He knew that at fifty below spittle crackled on the snow, but this spittle had
crackled in the air. Undoubtedly it was colder than fifty below—how much
colder he did not know. But the temperature did not matter. He was
bound for the old claim on the left fork of Henderson Creek, where the boys
were already. They had come over across the divide from the Indian Creek
country, while he had come the roundabout way to take a look at the
possibilities of getting out logs in the spring from the islands in the
Yukon. He would be in to camp by six o’clock; a bit after dark, it was
true, but the boys would be there, a fire would be going, and a hot supper
would be ready. As for lunch, he pressed his hand against the protruding
bundle under his jacket. It was also under his shirt, wrapped up in a
handkerchief and lying against the naked skin. It was the only way to
keep the biscuits from freezing. He smiled agreeably to himself as he thought
of those biscuits, each cut open and sopped in bacon grease, and each enclosing
a generous slice of fried bacon.
He plunged in among the big
spruce trees. The trail was faint. A foot of snow had fallen since
the last sled had passed over, and he was glad he was without a sled,
travelling light. In fact, he carried nothing but the lunch wrapped in
the handkerchief. He was surprised, however, at the cold. It
certainly was cold, he concluded, as he rubbed his numbed nose and cheek-bones
with his mittened hand. He was a warm-whiskered man, but the hair on his
face did not protect the high cheek-bones and the eager nose that thrust itself
aggressively into the frosty air.
At the man’s heels trotted
a dog, a big native husky, the proper wolf-dog, grey-coated and without any
visible or temperamental difference from its brother, the wild wolf. The
animal was depressed by the tremendous cold. It knew that it was no time
for travelling. Its instinct told it a truer tale than was told to the
man by the man’s judgment. In reality, it was not merely colder than
fifty below zero; it was colder than sixty below, than seventy below. It
was seventy-five below zero. Since the freezing-point is thirty-two above
zero, it meant that one hundred and seven degrees of frost obtained. The
dog did not know anything about thermometers. Possibly in its brain there
was no sharp consciousness of a condition of very cold such as was in the man’s
brain. But the brute had its instinct.

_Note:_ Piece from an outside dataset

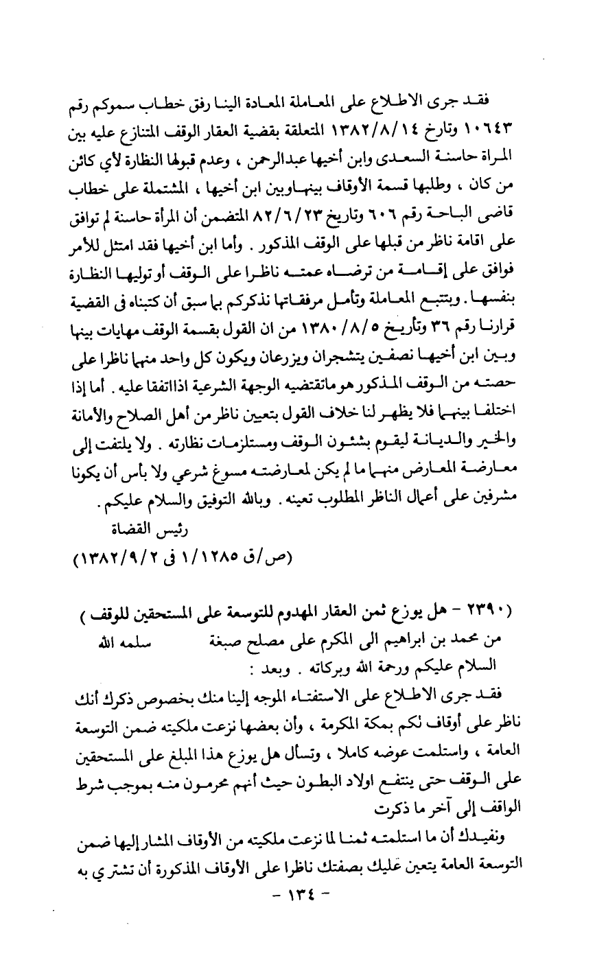 فقد جرى الاطلاع علىالمعاملة المعادة إلينا رفق خطاب سموكم رقم 10643 وتاريخ 14/8/ 1382 المتعلقة بقضية العقار الوقف المتنازع عليه بين المرأة حاسنة السعدي وابن أخيها عبد الرحمن، وعدم قبولها النظارة لأي كائن، وطلبها قسمة الأوقاف بينها وبين ابن أخيها، المشتملة على خطاب قاضي الباحة رقم 606 وتاريخ 23/6/ 82 المتضمن أن المرأة حاسنة لم توافق على اقامة ناظر من قبلها على الوقف المذكور. وأما ابن أخيها فقد امتثل للأمر فوافق علىإقامة من ترضاه عمته ناظرا على الوقف أو توليها النظارة بنفسها. ويتتبع المعاملة وتأمل مرفقاتها نذكركم بما سبق أن كتبناه في القضية قرارنا رقم 36 وتاريخ 5/8/ 1380 من ان القول بقسمة الوقف مهايات بينها وبينابن أخيها نصفين يتشجران ويزرعان ويكون كل واحد منهما ناظرا على حصته من الوقف المذكور هو ماتقتضيه الوجهة الشرعية إذا اتفقا عليه. أما إذا اختلفا بينهما فلا يظهر لنا خلاف القول بتعيين ناظر من أهل الصلاح والأمانة والخير والديانة ليقوم بشئون الوقف ومستلزمات نظارته. ولايلتف إلى معارضة المعارض منهما مالم يكن لمعارضته مسوغ شرعي ولابأس أن يكونا مشرفين على أعمال الناظر المطلوب تعينه. وبالله التوفيق والسلام عليكم.

It experienced a vague but
menacing apprehension that subdued it and made it creep along at the
man’s heels, and that made it question eagerly every singular movement
of the man as if expecting him to go into camp or to seek shelter somewhere and
build a fire. The dog had learned fire, and it wanted fire, or else to hide
under the snow and cuddle its warmth away from the air.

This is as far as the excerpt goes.